Source records START

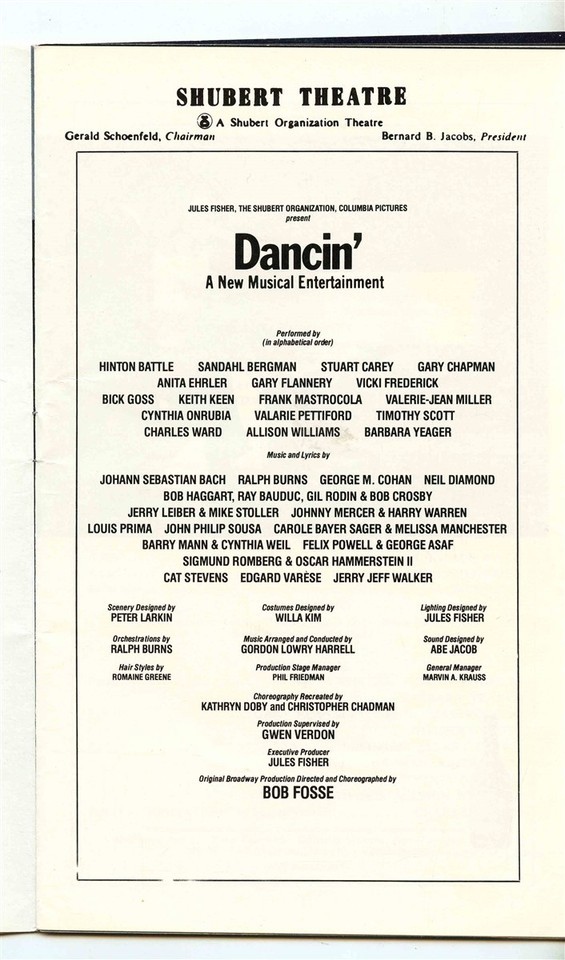 A Stagebill from the Shubert Theatre in Chicago for Dancin April 1979
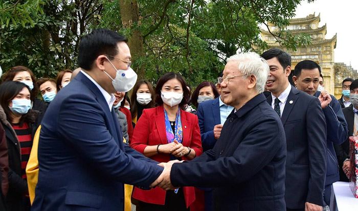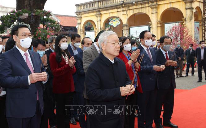 Trong không gian linh thiêng của Hoàng thành Thăng Long, trời đất giao hòa, mừng Đảng, mừng Xuân mới Tân Sửu 2021, Tổng Bí thư, Chủ tịch nước Nguyễn Phú Trọng cùng các đại biểu thành kính dâng hương tưởng nhớ đức Thái tổ triều Lý - người đã định đô ở Thăng Long vào mùa thu năm 1010. Kể từ đó, Thăng Long và đất nước bước vào thời đại mới, các triều đại kế tiếp mở mang dựng xây bờ cõi, bồi đắp lịch sử văn hiến nghìn năm, lưu truyền đến thời đại Hồ Chí Minh quang vinh.
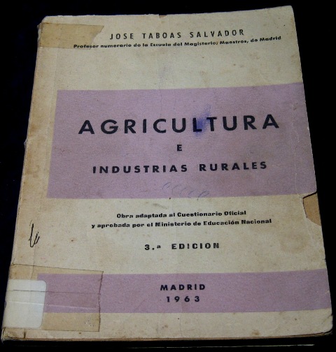 *.- AGRICULTURA E INDUSTRIAS RURALES José Taboas Salvador Profesor numerario de la Escuela del Magisterio, Maestros, de Madrid, Obra adaptada al Cuestionario Oficial y aprobada por el Ministerio de Educación Nacional. 3a Edición, Madrd 1963, 190 págs. 207grs. TB 20x15cms, E2-E3, FI, SE, 15€,
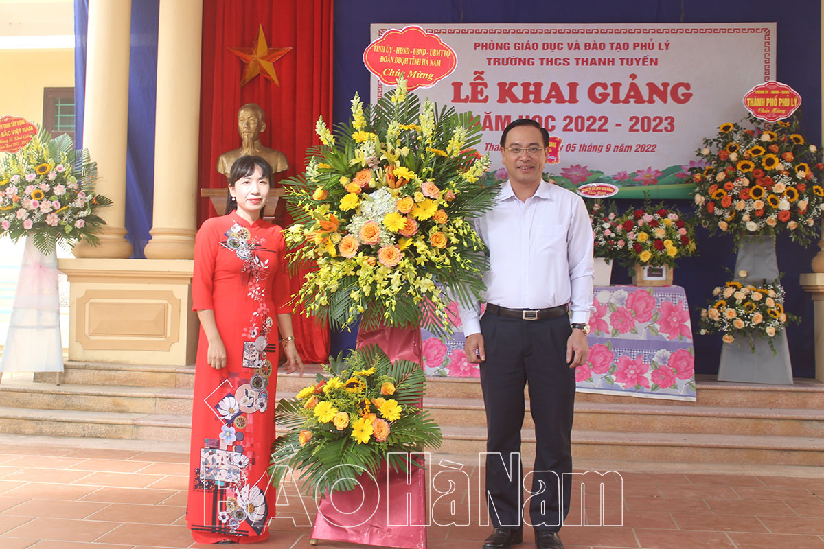 Thay mặt Tỉnh ủy, HĐND, UBND tỉnh, đồng chí Đào Đình Tùng, Ủy viên BTV Tỉnh ủy, Trưởng ban Nội chính Tỉnh ủy đã gửi lời chúc mừng tới tập thể cán bộ, giáo viên, học sinh trường THCS Chuyên Ngoại nói riêng, ngành GD&ĐT thị xã Duy Tiên nói chung, đồng thời tặng hoa chúc mừng thầy và trò nhà trường nhân dịp khai giảng. Cũng nhân dịp này, một số nhà hảo tâm đã dành tặng 10 suất học bổng và góc học tập mới cho các em học sinh có hoàn cảnh khó khăn, động viên các em tiếp tục vươn lên và có nhiều thành tích cao trong năm học mới 2022 – 2023.
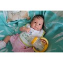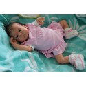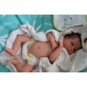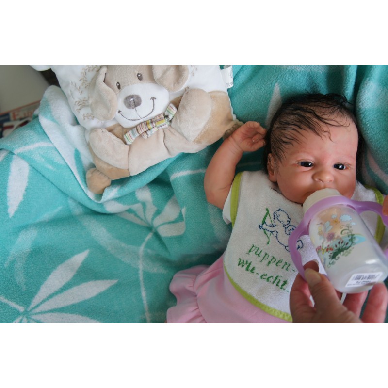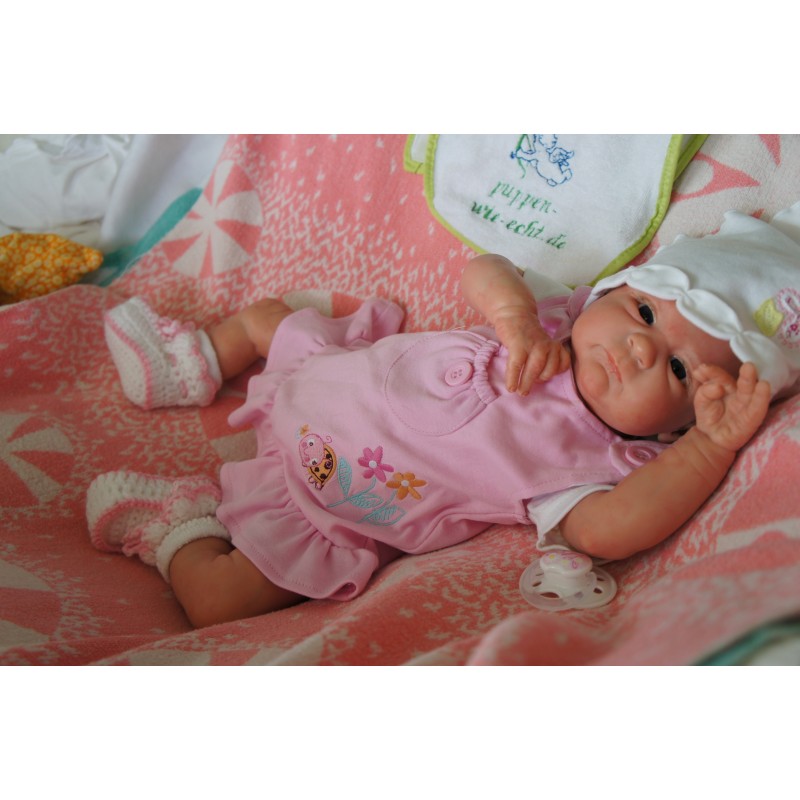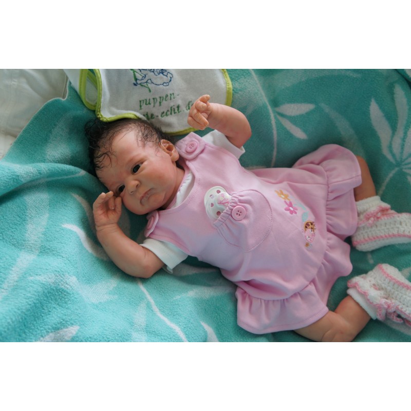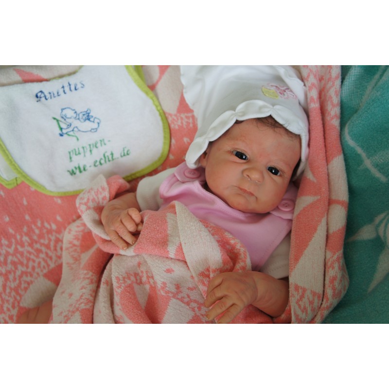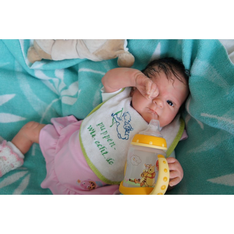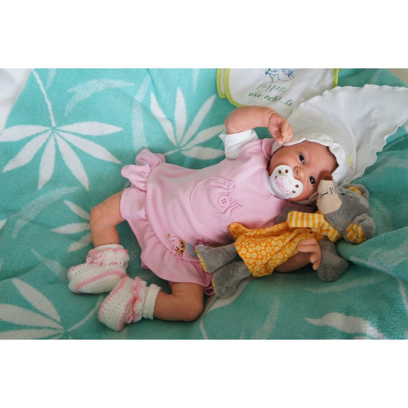 Ich wurde mit hochwertigen Farben in Real Effekt Technik eingefärbt. Mit Genesis Farben habe ich dieses alles noch mal zum Schluss gut versiegelt und eingebrannt. Diese wurde in mehreren Schichten aufgetragen, sodass ein sehr realistisches Hautbild entstanden ist. (Wisch- und Wasserfest kein Abblättern mgl). Feinste Schattierungen und leichte Betonung der Speckfalten wurden bei mir auch nicht vergessen. Leichte Äderchen an Händen, Armen, Füßchen, Beinen, Ohren, Kopf und Gesicht lassen mich wie ein echtes Baby aussehen. Jedes Fältchen an mir wurde einzeln betont. Zarte Augenbrauen wurden mir auch gegeben. Meine Nase wurde geöffnet und hinterlegt, sodass ich jetzt auch gut Luft bekomme. Auch zarte Befeuchtung der Augen, Mund und Nase lassen mich noch echter wirken.
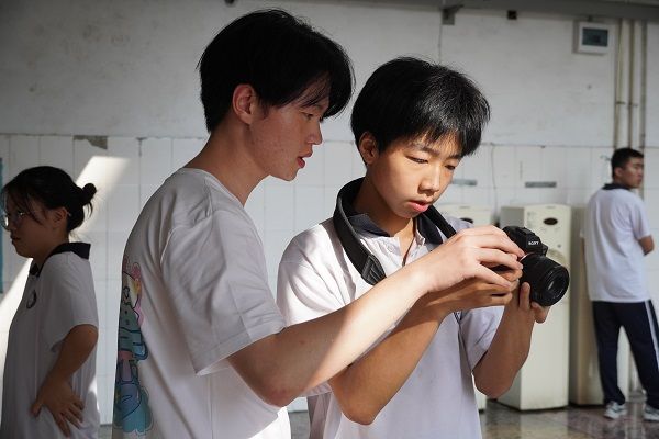 活动伊始,赵晨旭于冷水江一中405教室向同学们简要介绍了相机的使用方法,并通过播放相关视频具体展示了相机各档位与按键的功能。随后,为检验同学们的学习效果,实践团成员有序带领学生前往室外场地。同学们积极参与并按照要求拍摄照片,赵晨旭逐一对其指导。
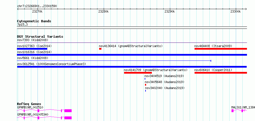 Variant DetailsVariant: esv3612541| Internal ID | 6652755 | | Landmark | | | Location Information | | | Cytoband | 7p15.3 | | Allele length | | Assembly | Allele length | | hg38 | 34690 | | hg19 | 34690 |
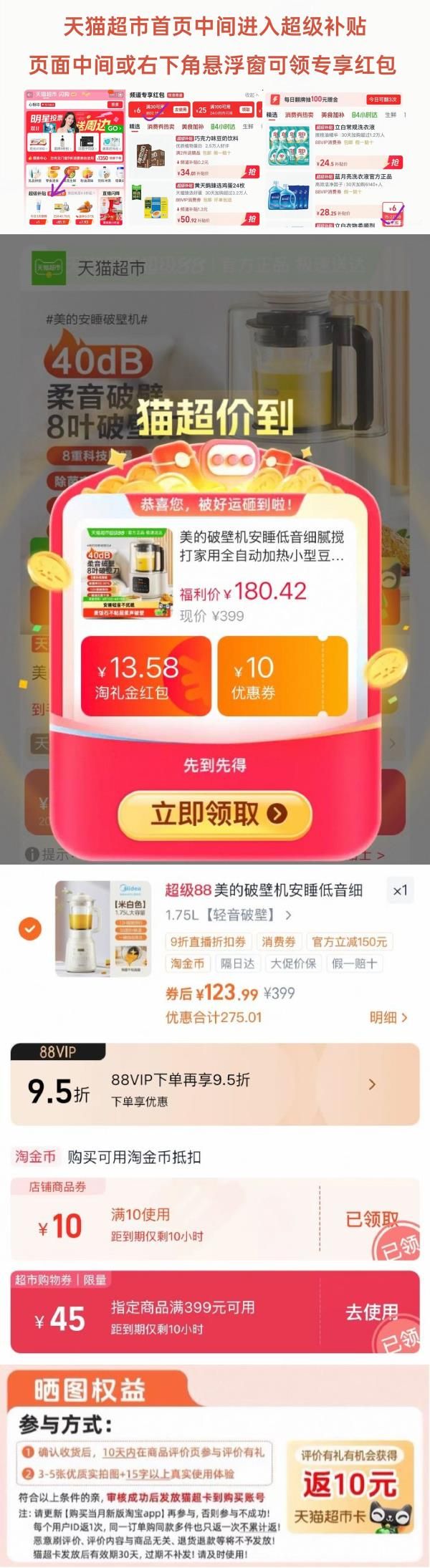 ②详情页进入超级补贴领199-30红包,再加购商品

Source records END

Exercise objective: Give back only the lines from the one that carries "Variant DetailsVariant: esv3612541|" through the final line above, both included. Drop all pictures.

Solution to the exercise:
 Variant DetailsVariant: esv3612541| Internal ID | 6652755 | | Landmark | | | Location Information | | | Cytoband | 7p15.3 | | Allele length | | Assembly | Allele length | | hg38 | 34690 | | hg19 | 34690 |
 ②详情页进入超级补贴领199-30红包,再加购商品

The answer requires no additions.